In early 1999 a group of writers gathered together at Skywalker Ranch, the headquarters for LucasFilm and the home of filmmaker George Lucas, to discuss a new series of Star Wars books. Since 1994 Star Wars had spun into a lucrative publishing franchise of expanded universe novels exploring the possible stories of the heroes of Star Wars after the events of Return of the Jedi. However, one of the problems with a massive publishing franchise like this is when you have dozens of writers writing several books, is that it is very easy for them to fall into a formulaic trap. With a few exceptions it seemed as though the Rebel Heroes always went up against some dormant Imperial Faction, or discovered some plans for another planet smashing super-weapon that Emperor Palpatine left hidden in his sock drawer.

With the Special Edition releases of the original trilogy and the Prequels reigniting interest in the franchise, something new was needed to make these books really pop. What was needed was a new threat that could be so powerful as to bring the factions of the Rebellion and the remnants of the Empire together and forge a lasting peace. This series, dubbed The New Jedi Order was going to raise of the stakes of the Star Wars universe and have serious repercussions on the books to follow. It was going to be, as the cliché goes, a real game changer. In order to do this, they would have to do something very difficult to raise those stakes.

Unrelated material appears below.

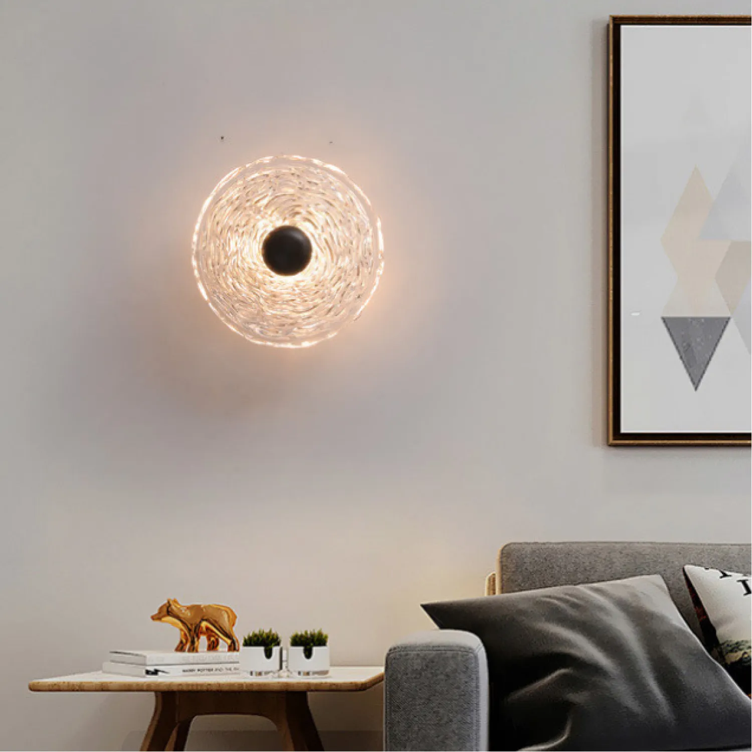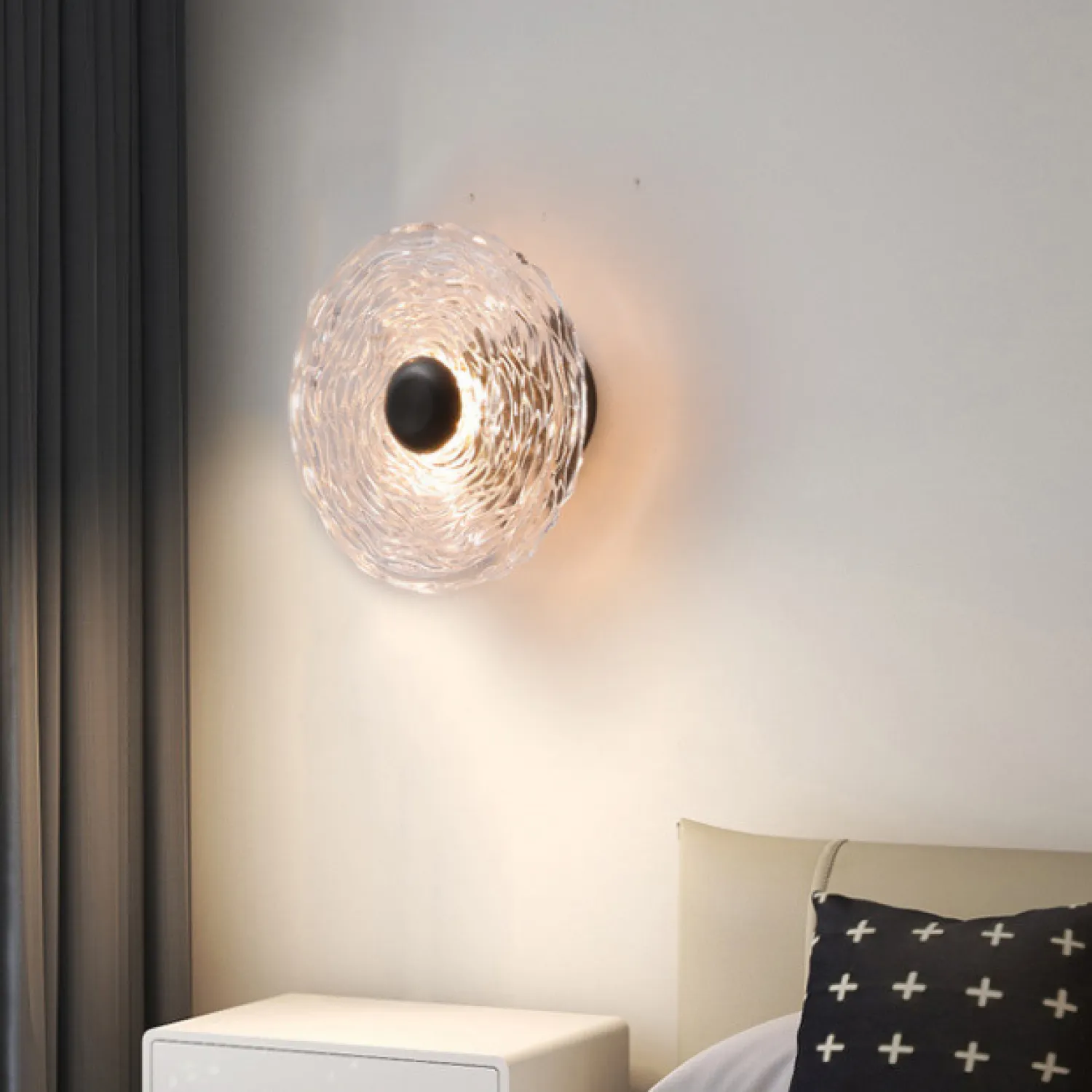Настенный светильник создает мягкую диффузную атмосферу, идеально подходящую для современных интерьеров в стиле премиум. Его дисковидные стеклянные рассеиватели ручной работы придают пространству особую изящество и утонченность, мягко распределяя теплый свет LED матрицы. Этот бра из металлического корпуса черного цвета с рельефными стеклянными элементами украшает гостиную или спальню, создавая уютную и изысканную обстановку. Его элегантный дизайн гармонично впишется в интерьеры с элементами современного минимализма, арт-деко или светильники со светодиодами. Универсальный и стильный, светильник подчеркнет интерьер, добавляя особую атмосферу с теплым и комфортным освещением. Обнови свой интерьер с этим премиальным элементом и создай ощущение уюта и роскоши.

As Lucy Wilson, the director of publishing at LucasFilm noted,

 “ In the Star Wars novels published by Bantam, no preexisting Star Wars



character ever died. It was our policy that no author could kill anyone who originated first in a script written by George. However, we knew that for anyone to really take a new intergalactic war seriously, and to realize that the New Jedi Order was not just Star Wars fiction as usual, someone who mattered would have to die. This was a unanimous agreement. Who would die was the subject of much debate, however. Our first thought was that the death of Luke Skywalker would have the biggest impact on the readers. However, this was not okay with George Lucas! I think it was Randy Stradley from Dark Horse who said, “Kill the family dog—Chewbacca.” In our own emotional response to this suggestion (it made us unhappy just to come up with the idea), we knew Chewie’s death would generate the biggest reaction from the readers.”